Please take into account to take proactive measures as follows.
1. Check out if there was any change on /usr/bin/who as there is already a known issue caused by the return wrong value as a result of inappropriate who binary operating.
2. Please collate the system performance measurement data at that time with issue.
3. Also please get system engineer and storage engineer involved in this incident to check out their embedded logs.
4. Tune the monitoring timeout of CVMVolDg.
[ What to take preventive measure on CVMVolDg ]
1. Increasing the MonitorInterval/Timeout
[ Current values by default]
#hares display all |grep CVMVolDg
-------------------------------------------------------------------------------
hatype_display:CVMVolDg FaultOnMonitorTimeouts 4 << This is already set up with four times. This can be also tunable up to 6 times.
..
hatype_display:CVMVolDg MonitorInterval 60 << This can be tunable up to 60~300
..
hatype_display:CVMVolDg MonitorTimeout 60 << This can be tunable up to 60~180
..
hatype_display:CVMVolDg RestartLimit 0 << This can be tunable up to 1
-------------------------------------------------------------------------------
For example, you can check out the current parameter of CVMVolDg by using the command line;
#hares display all |grep CVMVolDg
And to modify thise tunable value properly, please see the below.
#haconf -makerw
#hatype -modify CVMVolDg MonitorInterval 90
#hatype -modify CVMVolDg MonitorTimeout 75
#hatype -modify CVMVolDg FaultOnMonitorTimeout 6
# hatype -modify CVMVolDg RestartLimit 1
#haconf -dump
#haconf -makero
[ NOTE] Please be aware of the following:
* The MonitorInterval needs to be greater or equal to the MonitorTimeout.
* The FaultOnMonitorTimeout is the number of timeouts before a fault is declared. Zero disables it.
* Tuning the valuable parameter for CVMVolDg is falling back on the system load and its performance in efforts to monitor resources enrolled in VCS.
Hence, it is required to ensure the customer keeps paying attention on these factors by gathering performance throughput for some time for the sake of decision making on it before changing this default value to any parameter available because as long as the reflection time of CVMVolDg detecting any problem with its resources is delayed, subsequently VCS may take a sluggish measure on those defected factors.

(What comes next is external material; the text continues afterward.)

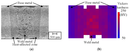 Figure 2a shows an image of the center of the cross section that is perpendicular to the welding direction. The corresponding Vickers hardness map is shown in Figure 2b. These results show three types of microstructures in the laser welds. First, a weld metal with coarsened grains, formed by the rapid melting and solidification of the base metal during welding, appeared in the center of the welded area. Second, a heat-affected zone formed around the weld metal. Lastly, the base metal, which was not affected by the laser welding, appeared around the heat-affected zone. The Vickers hardness of the weld metal is around 1.5 times higher than that of the base metal.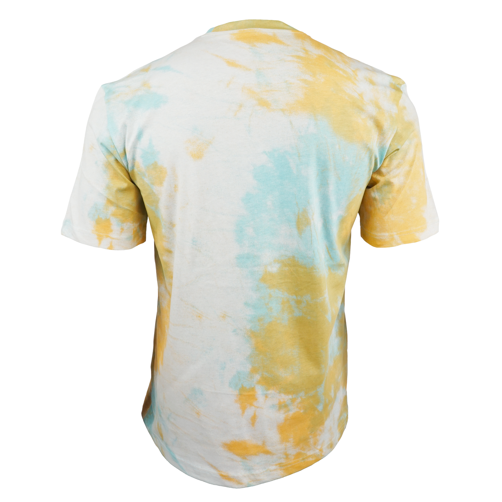 - Koszulka męska tie-dye w kolorze turkusowym i pomarańczowym. Prosty krój, zaokrąglony dekolt zapewniają wygodę. Ciekawe ubarwienie i białe logo Adidas dodaje stylu.

2. Enable debug for CVMVolDG type resource to collect additional debug info.
In order to get more debug information as to why the CVMVolDg resources are timing out, It is recommended to turn on debug mode for the agent. This will be also the good suggestion for the customer to be aware of in efforts to verify how it happens.
To do this, you will need to edit the cvmvoldg.lib, and un comment one line.
from this:
# Un comment the following to start debugging
# DEBUG="DEBUG"
to this:
# Un comment the following to start debugging
DEBUG="DEBUG"
It is not necessary to restart the agent since this lib file is read every time the monitor is ran.
By doing this, the agent will place more information in the engine log, which may give a better idea as to why the resources are timing out.